- What is being asked: Every picture stays out; everything else in the listing below is to be returned exactly.

- Dataset excerpt:
Content starts

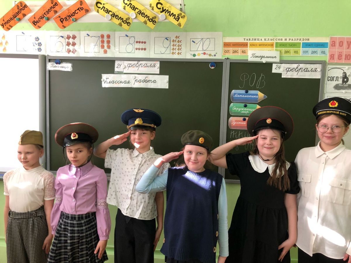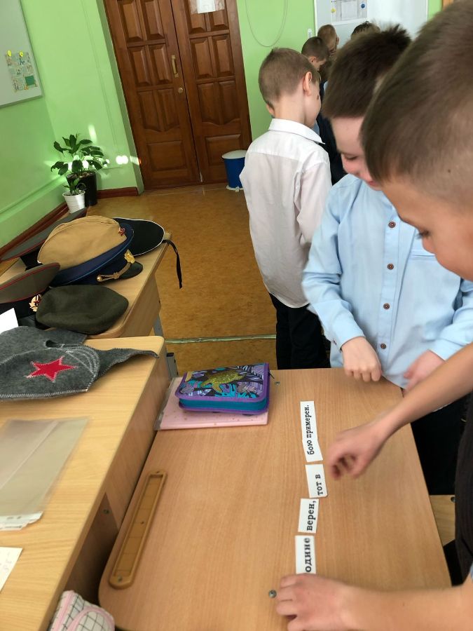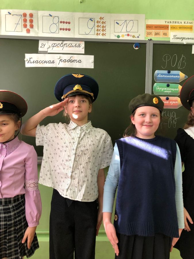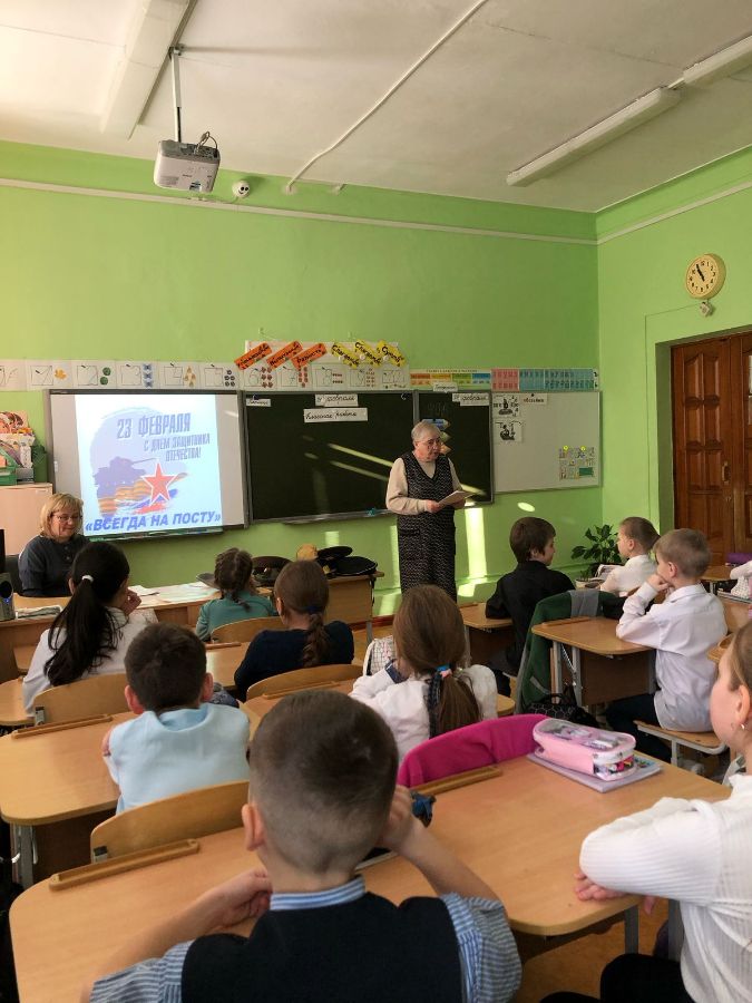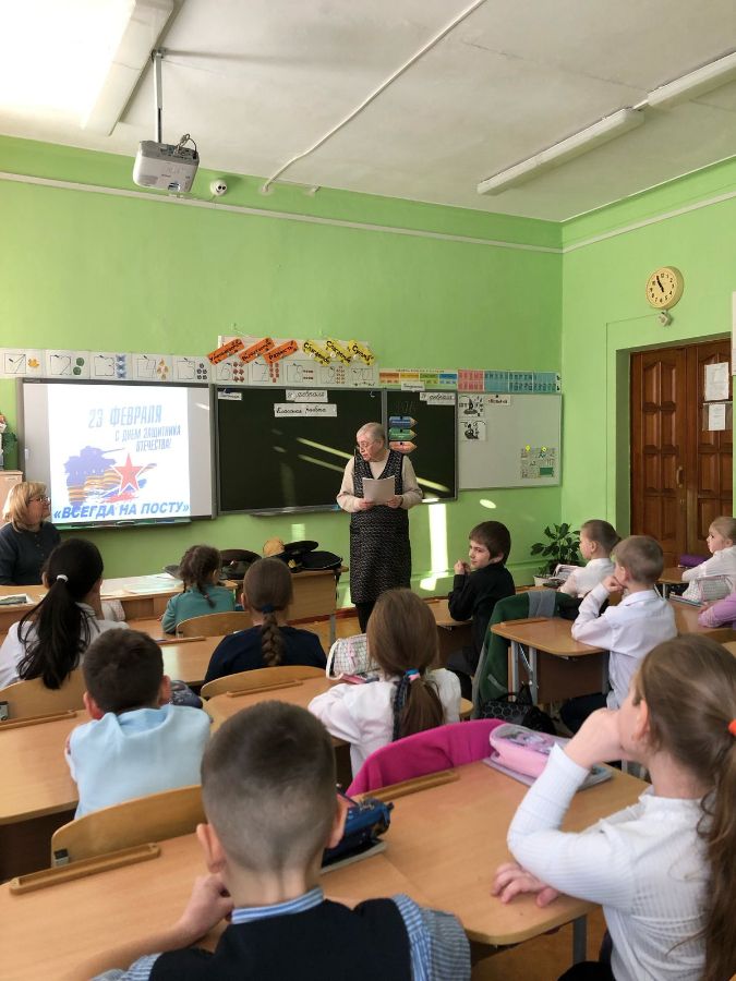 В преддверии Дня защитника Отечества сотрудниками Городской библиотеки №9 Мариной Гурамовной Калатози и Екатериной Петровной Новиковой для учащихся 3 класса школы №13 было проведено информационно - игровой мероприятие "Есть такая профессия - Родину защищать!". В сопровождении яркой презентации, сотрудники библиотеки рассказали ребятам о том, как и когда появился праздник. Ребята познакомились с родами войск, военной техникой, военной формой, с удовольствием участвовали в конкурсах: собери пословицу, назови военную профессию, отвечали на вопросы военной тематики в "Блиц-опросе".Большой интерес вызвали у ребят головные уборы военных, которые можно было примерить. Все остались очень довольны. После мероприятия ребята признались библиотекарям, что с нетерпением будут ждать новых встреч.
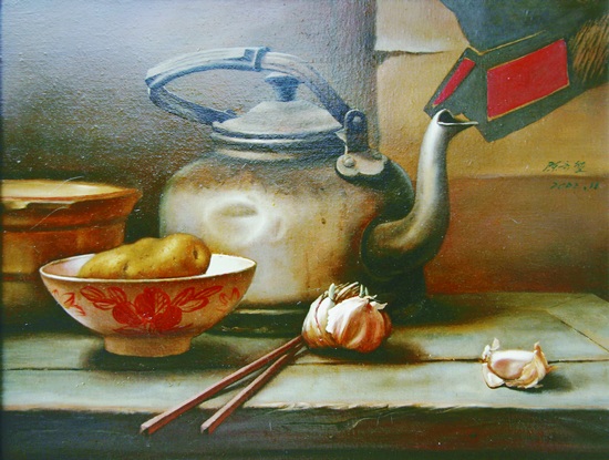 陳齊堃自幼酷愛美術,由于命運錯位,沒有機會進入專業畫家的行列。他無法抵抗畫筆的誘惑,癡迷、勤奮,執著于自己的藝術道路。他的作品樸實、直白、真誠,沒有張揚的筆觸,沒有炫耀的色彩,他用目光凝視著引他思索與回憶的那些沉重而苦澀的歷史生活舊物,借用西方油畫靜物的表現手段,不夸張、不渲染,真實地記錄下具有強烈時代印記的生活。他希望通過幾件簡單的物品做素材,將一個個歷史瞬間如實呈現出來。他以普通人的視角、平常人的心態,在平凡的生活中尋找美、發現美。
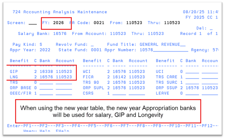 Note that state payroll funded from non-GR funds usually do not have separate GIP appropriations and are also likely able to carry those funds forward. Using the correct appropriation year is less of a significant issue with these non-GR funds.

Content ends

- Finished exercise:
 В преддверии Дня защитника Отечества сотрудниками Городской библиотеки №9 Мариной Гурамовной Калатози и Екатериной Петровной Новиковой для учащихся 3 класса школы №13 было проведено информационно - игровой мероприятие "Есть такая профессия - Родину защищать!". В сопровождении яркой презентации, сотрудники библиотеки рассказали ребятам о том, как и когда появился праздник. Ребята познакомились с родами войск, военной техникой, военной формой, с удовольствием участвовали в конкурсах: собери пословицу, назови военную профессию, отвечали на вопросы военной тематики в "Блиц-опросе".Большой интерес вызвали у ребят головные уборы военных, которые можно было примерить. Все остались очень довольны. После мероприятия ребята признались библиотекарям, что с нетерпением будут ждать новых встреч.
 陳齊堃自幼酷愛美術,由于命運錯位,沒有機會進入專業畫家的行列。他無法抵抗畫筆的誘惑,癡迷、勤奮,執著于自己的藝術道路。他的作品樸實、直白、真誠,沒有張揚的筆觸,沒有炫耀的色彩,他用目光凝視著引他思索與回憶的那些沉重而苦澀的歷史生活舊物,借用西方油畫靜物的表現手段,不夸張、不渲染,真實地記錄下具有強烈時代印記的生活。他希望通過幾件簡單的物品做素材,將一個個歷史瞬間如實呈現出來。他以普通人的視角、平常人的心態,在平凡的生活中尋找美、發現美。
 Note that state payroll funded from non-GR funds usually do not have separate GIP appropriations and are also likely able to carry those funds forward. Using the correct appropriation year is less of a significant issue with these non-GR funds.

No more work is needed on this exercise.